La sentencia de primer grado fue apelada por los condenados y sus defensores, quienes pretendían se reconociera su inocencia; y también fue impugnada por el Fiscal de la Unidad de Derechos Humanos y por el apoderado de la parte civil, con la pretensión de que la condena se extendiera a CARLOS CASTAÑO GIL como autor intelectual o determinador del homicidio del senador Manuel Cepeda Vargas.

Al desatar la alzada, el Tribunal Superior de Bogotá, con fallo del 18 de enero de 2001, confirmó íntegramente la sentencia de primera instancia. (Folio 90 cdno. Tribunal) Los defensores y la representación de la parte civil recurrieron en casación y la Corte, el 10 de noviembre de 2004decidió no casar la sentencia objeto de impugnación extraordinaria.

LA DEMANDA: De la confusa presentación de la demandante se logra extraer que invoca como realizables las causales previstas en los numerales 3 y 5del artículo 220 de la Ley 600 de 2000, toda vez que luego de hacer una extensa transcripción de apartes de un supuesto dictamen de reconocimiento psiquiátrico y psicológico forense que le fue practicado a ELCIAS MUÑOZ VARGAS, en los que se le señala como una persona con « problemas de estructura de personalidad, que no le comprometen por sí mismo su capacidad de comprensión ni de autodeterminación », reproduce fragmentos de la sentencia proferida el 14 de marzo de 2005 por el Juzgado 3 Penal del Circuito Especializado de Neiva, referentes todos ellos a que « el testigo ELCIAS MUÑOZ VARGAS manifestó que no conoce a JUSTO GIL ZUÑIGA LABRADOR [y] que solo lo ha visto hasta ahora en la cárcel ».

De igual forma, sin mayor argumentación, asevera la libelista que con posterioridad a la sentencia condenatoria proferida en contra de su defendido[footnoteRef:2], surgió como prueba nueva la entrevista que realizó el periodista MAURICIO ARANGUREN MOLINA a CARLOS CASTAÑO, durante la cual el otrora jefe de la Autodefensas Unidas de Colombia confesó haber «dirigido el comando que ejecutó al senador Manuel Cepeda Vargas». [2: Refiriéndose a la proferida por la Sala de Decisión Penal del Tribunal Superior de Cundinamarca el 18 de enero de 2001, mediante la cual se dispuso confirmar en su integridad la dictada por el Juzgado Tercero Penal del Circuito Especializado de Bogotá, a través de la cual se condenó a su representado JUSTO GIL ZUÑIGA LABRADOR a la pena de prisión de 43 años.] En orden a la demostración de tales supuestos allegó: (i) Copias de los fallos objeto de la demanda de revisión, incluyendo copia de la sentencia de casación proferida por la Corte de fecha 10 de noviembre de 2004, en virtud de la cual no casa el fallo materia de impugnación extraordinaria, con base en la demanda presentada entre otros, por el defensor de JUSTO GIL ZÚÑIGA.

(ii) Un ejemplar del libro mencionado titulado MI CONFESIÓN de autoría del periodista MAURICIO ARANGUREN MOLINA, el cual desarrolla la entrevista que le concediera CARLOS CASTAÑO. CONSIDERACIONES: La Corte Suprema de Justicia es competente para conocer de la acción propuesta, como quiera que el numeral 2° del artículo 75 de la Ley 600 de 2000 la habilita para ello por estar dirigida la acción de revisión contra una sentencia dictada en segunda instancia por un Tribunal Superior de Distrito Judicial y contra la proferida por la misma Corte.

Es importante precisar que la acción de revisión ha sido prevista legalmente como mecanismo a través del cual se busca la remoción de la cosa juzgada, con el objeto de superar la injusticia que de esa decisión se advierta.

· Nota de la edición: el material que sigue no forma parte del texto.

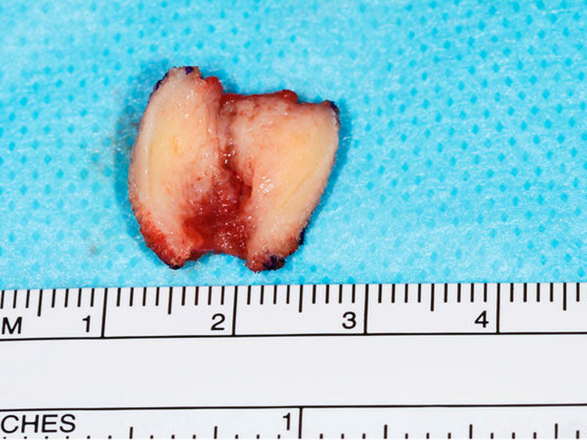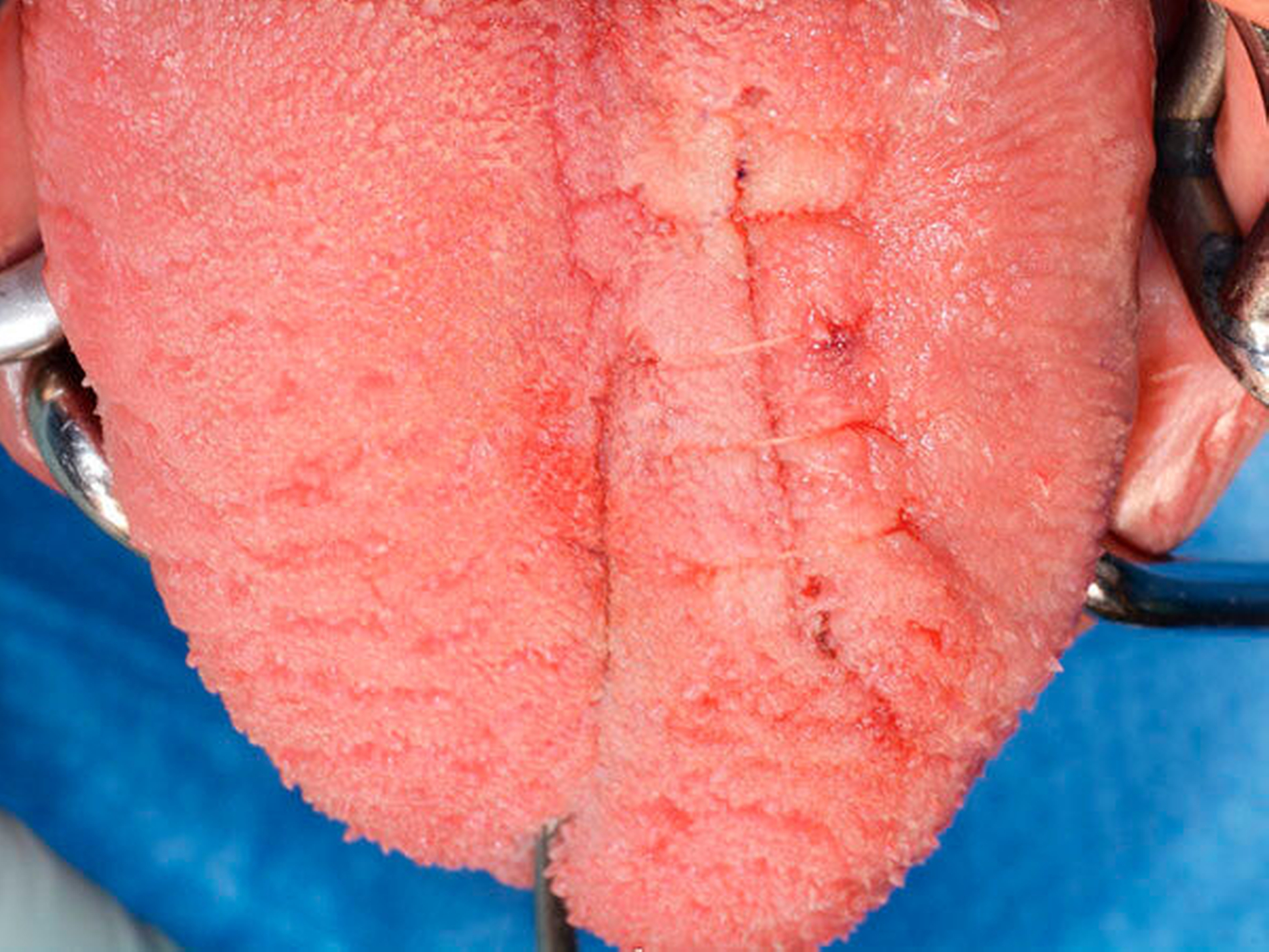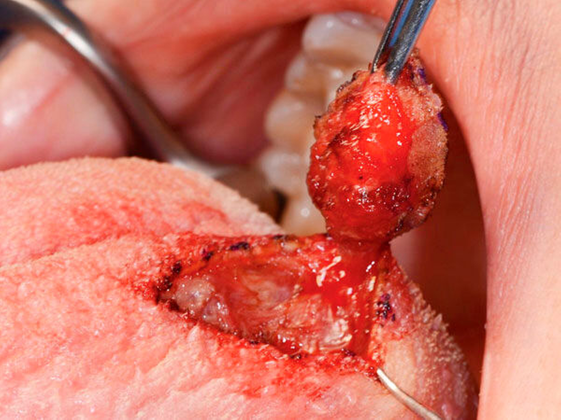 Die vom Hausarzt überwiesene Patientin stellte sich mit einer knotigen Struktur unterhalb der unversehrten Zungenmukosa des linken mittleren Zungenrückens vor (Abbildung 1). Der Knoten war derb palpabel, nicht verschieblich und weder in Ruhe noch auf Druck dolent. Bis auf den erhabenen Aspekt beschrieb sie keinerlei Beschwerden. Im MRT stellte sich in Projektion auf die linke Zunge submukös eine vorwiegend unscharf begrenzte, etwa 10 mm x 8 mm messende, Kontrastmittel-aufnehmende Struktur dar. Es gab keinen Anhalt für weitere Raumforderungen oder Lymphknotenvergrößerungen (Abbildungen 2 und 3). Da von einem benignen Tumor ausgegangen wurde, erfolgte im Rahmen einer kurzen Intubationsnarkose die In-toto-Exzisionsbiopsie mit knappem Sicherheitsabstand. Der intraoperative Situs zeigte, wie schon nach der initialen Bildgebung vermutet, eine unscharf begrenzte, solide, in die Zungenmuskulatur hineinreichende Raumforderung mit weißlich-gelblicher Färbung der Schnittfläche (Abbildungen 4 und 5). Nach Resektion und ausgiebiger Blutstillung konnte die Wunde primär mit resorbierbaren Fäden verschlossen werden (Abbildung 6).

En razón a su carácter excepcional, no puede asimilarse a un recurso de instancia, toda vez que su finalidad no es reabrir un debate probatorio fenecido, por ello, tiene la calidad de acción independiente del proceso, cuya prosperidad sólo es posible dentro del marco que delimitan las causales señaladas expresamente en la ley.

El artículo 222 de la Ley 600 de 2000 establece una serie de presupuestos de ineludible cumplimiento, dado que la acción es rogada, dirigidos a perfilar la seriedad y prosperidad de la acción. En ese orden, el escrito a través de la cual se solicita la revisión, deberá contener: (i) la determinación de la actuación procesal cuya revisión se demanda con indicación del despacho judicial que emitió el fallo, (ii) el delito o delitos que motivaron la acción penal y la decisión respectiva, (iii) la causal que se invoca y sus fundamentos de hecho y de derecho, (iv) la relación de las pruebas que se aportan para demostrar los hechos básicos de la petición y, finalmente, (v) la petición debe acompañarse de copia de la decisión cuya revisión se pretende, junto con la constancia de ejecutoria.

Observa la Sala que la demandante no cumplió con la totalidad de las referidas exigencias, toda vez quese limitó a enunciar las razones por las que consideraba que en el presente caso se configuran las causales 3 y 5 del artículo 222 de la Ley 600 de 2000, olvidando desarrollar cada uno de los aspectos que resultan relevantes a efecto de demostrar la procedencia de las mismas.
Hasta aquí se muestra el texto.